Despite the hype the film has received courtesy of the blogs of fans who were captivated by its preposterous plot months ago, I probably won't be viewing Samuel L. Jackson's latest action-packed thriller, Snakes on a Plane, anytime soon. This is nothing against Jackson -- who is actually one of my favorite actors -- and more just an indication that my personal tastes lie elsewhere.
One of the things that has piqued my interest recently is the advancing field of robotics. I was digging for information on Digg.com's science site Friday morning when I came across a series of photos entitled "Robot snakes on a fire truck."
The robots in the pictures look surprisingly like real snakes and were manufactured by a Norwegian research company called Sintec. What is evident from the photos is that these robots are rapidly approaching the point where they will become practical tools for firefighters all around the world.

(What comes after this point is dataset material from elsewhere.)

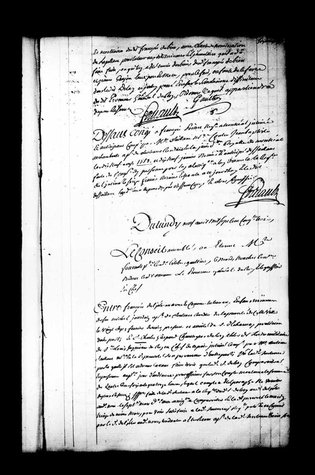 Arrêt qui accorde défaut-congé à François Poisset, négociant à Montréal, contre Jean-Baptiste Archambault, appelant des sentences rendues en la Juridiction de Montréal, les 19 août 1752 et 19 janvier 1753
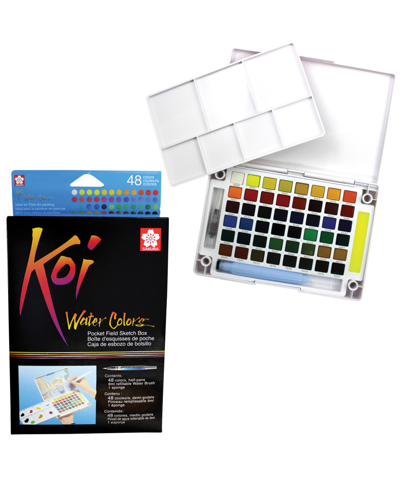 Koi Water Colors are fun and vivid watercolor paints to illustrate, decorate and create art with! This compact kit contains 48 vibrant watercolors and includes a mixing palette in the lid of the box, a sponge and a Koi Water Brush (brush with water tank). Koi's rich color assortment offers the choice to create bold hues or soft and subtle shades. Keep this small set close by in your studio for a quick splash of color and to create deep washes for backgrounds. Or bring it along to create portraits and plein-air landscapes in the outdoors. This pocket-sized box is also great for adding color to comics, illustrations, and lettering projects.

For instance, these snakes can fight dangerous chemical fires that humans could not approach without great risk to themselves. They can also fight fires in tunnels and other tight spaces, as well as search for survivors through the wreckage of an earthquake or other natural or man-made disasters. In fact, Sintec is even developing a robotic snake powerful enough to crash through a wall.
Granted, these aren't exactly the types of daily household helpers found on the shelves of retailers such as Target
It was also reported Friday that Japan's ministry of economy, trade, and industry plans to invest an additional $20 million to help Japanese companies develop next-generation intelligence robots. The aim is to begin commercializing these robots in 2015.
Given this kind of worldwide attention, and knowing about the advances from Motley Fool Rule Breakers recommendation iRobot, Sintec, and others, it's clear to me that should snakes ever become a real threat on a plane -- a la the movie -- we probably won't need a hero like Jackson's character to save the day. Rather, we can look forward to a robotic snake rescuing us from our slithery, high-altitude fate.